Tribes Demand Responsible Mining and Clean Water

This week, leaders and environmental staff members from eight tribes and tribal organizations are flying to Washington, D.C. to ask the Obama Administration to address a problem that impacts us all.  Mining companies are discharging huge quantities of untreated, toxic waste into the waters that sustain our fish, wildlife, and communities.

Lower Slate Lake in Alaska. Above image courtesy of Irene Alexacos. Bottom images by Alaska Dept. of Environmental Conservation.
Lower Slate Lake in Alaska. Above image courtesy of Irene Alexacos. Bottom image via Alaska Dept. of Environmental Conservation.
These tribal leaders, along with NWF staff, including Garrit Voggesser, the director of NWF’s Tribal Partnerships Program, will meet with officials from EPA, the Army Corps of Engineers, and the Council on Environmental Quality to ask them to close the two loopholes in the Clean Water Act’s regulations that authorize this destructive practice.

Dirty Discharge

Contaminated groundwater. Photo courtesy Earthworks.
Contaminated groundwater. Photo courtesy Earthworks.
Allowing mining companies to discharge untreated waste into the nation’s rivers, lakes, and wetlands is a fundamentally bad environmental policy.  It is also an environmental justice issue.  Water pollution caused by improperly stored mining waste has had a particularly devastating effect on tribal communities which both revere and depend on pure water.  NWF released a report last year, Honoring the River: How Hardrock Mining Impacts Tribal Communities, which describes the legacy of water pollution left by the mining industry.

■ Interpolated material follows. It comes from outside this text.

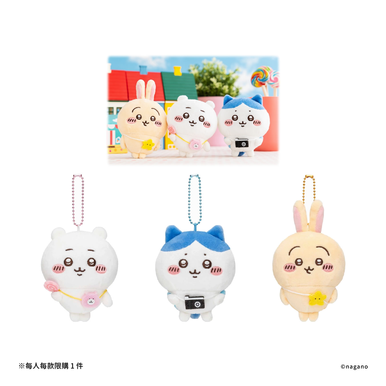 俗稱出遊系列的玩偶是這次商品中非常有人氣的一款。吉伊卡哇背著可愛的粉色小包,手拿糖果的樣子超級可愛;小八貓則是背著他寶貝的相機;兔子則是背著星星造型的包包,看起來都非常期待出去玩的樣子!

The sad truth is that we would never tolerate mining companies using our waters as waste dumps if it were not for the fact that mines tend to be located in out-of-the-way spots, where they impact rural communities—such as many tribal communities—with limited financial resources and political clout.

What’s especially frustrating is that the Obama Administration could close the mining loopholes with relatively straight-forward changes to the Clean Water Act’s regulations but hasn’t chosen to do so.  Making the mining industry operate more responsibly would not require an act of Congress or some grand bargain, merely sufficient political will.

Perhaps a face-to-face with some of the original stewards of the land will encourage the Administration to take action.